Description of the task => Extract the line that contains "미니 캐릭터 레오파드 무늬 팬캡 핑크" and every line after it through the end of the records below, exactly as written, leaving out any pictures.

Data extracts: Begin

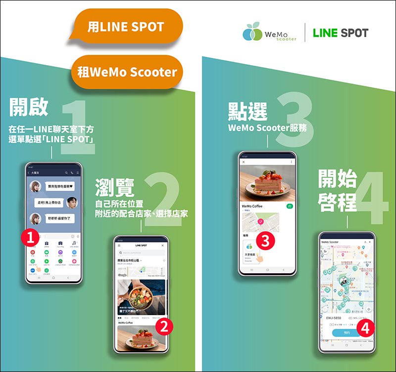WeMo Scooter 共享機車與 LINE 合作,除使用 LINE 官方帳號即可租車,再結合 LINE SPOT 啟動租車服務
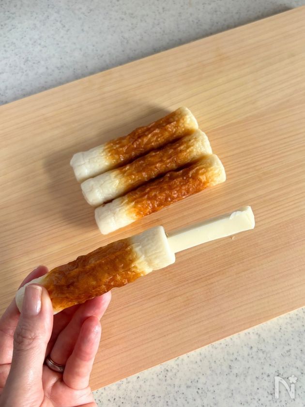 (2) ちくわにチーズを詰め、半分に切る。
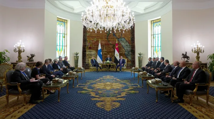 وأضاف الرئيس الفنلندي خلال حديثه، أننا بحاجة إلى قوة دولية منطقية ودائمًا ما نتحدث عن الحلول للمشكلات، وهنا أشكر مصر لجهودها في تحقيق الاستقرار والسلام بالمنطقة، وبحثها عن الحلول السلمية سواء في غزة أو النزاع الحالي بإيران.
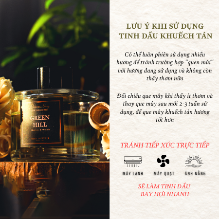 Lưu ý: thời gian sử dụng còn tùy thuộc vào số que được sử dụng, độ thoáng khí của khu vực sử dụng tinh dầu.
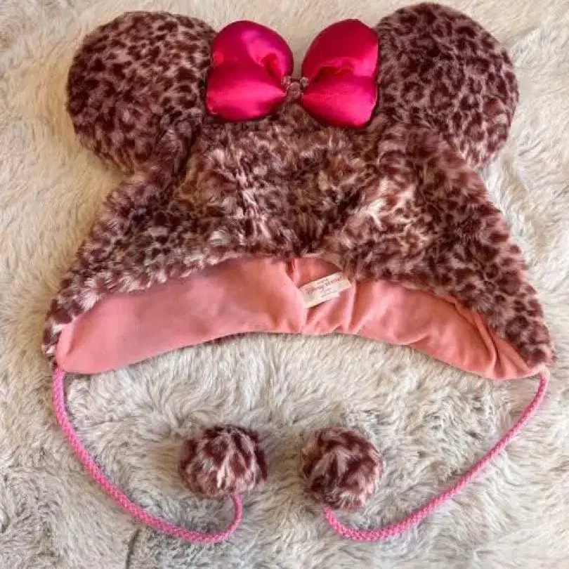 미니 캐릭터 레오파드 무늬 팬캡 핑크
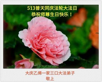 黑龍江省大慶乙烯一家三口大法弟子恭賀法輪大法日!恭賀大法洪傳25週年!恭祝師尊生日快樂!
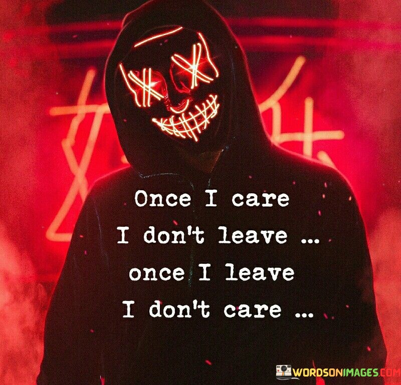 The quote encapsulates the dynamics of attachment and detachment. When someone cares deeply, they invest emotionally, making it difficult to leave. After leaving, the emotional investment wanes, and the intensity of caring diminishes. It reflects the complexity of human emotions and how they shift with changing circumstances.

Data extracts: End

Solution =>
 미니 캐릭터 레오파드 무늬 팬캡 핑크
 黑龍江省大慶乙烯一家三口大法弟子恭賀法輪大法日!恭賀大法洪傳25週年!恭祝師尊生日快樂!
 The quote encapsulates the dynamics of attachment and detachment. When someone cares deeply, they invest emotionally, making it difficult to leave. After leaving, the emotional investment wanes, and the intensity of caring diminishes. It reflects the complexity of human emotions and how they shift with changing circumstances.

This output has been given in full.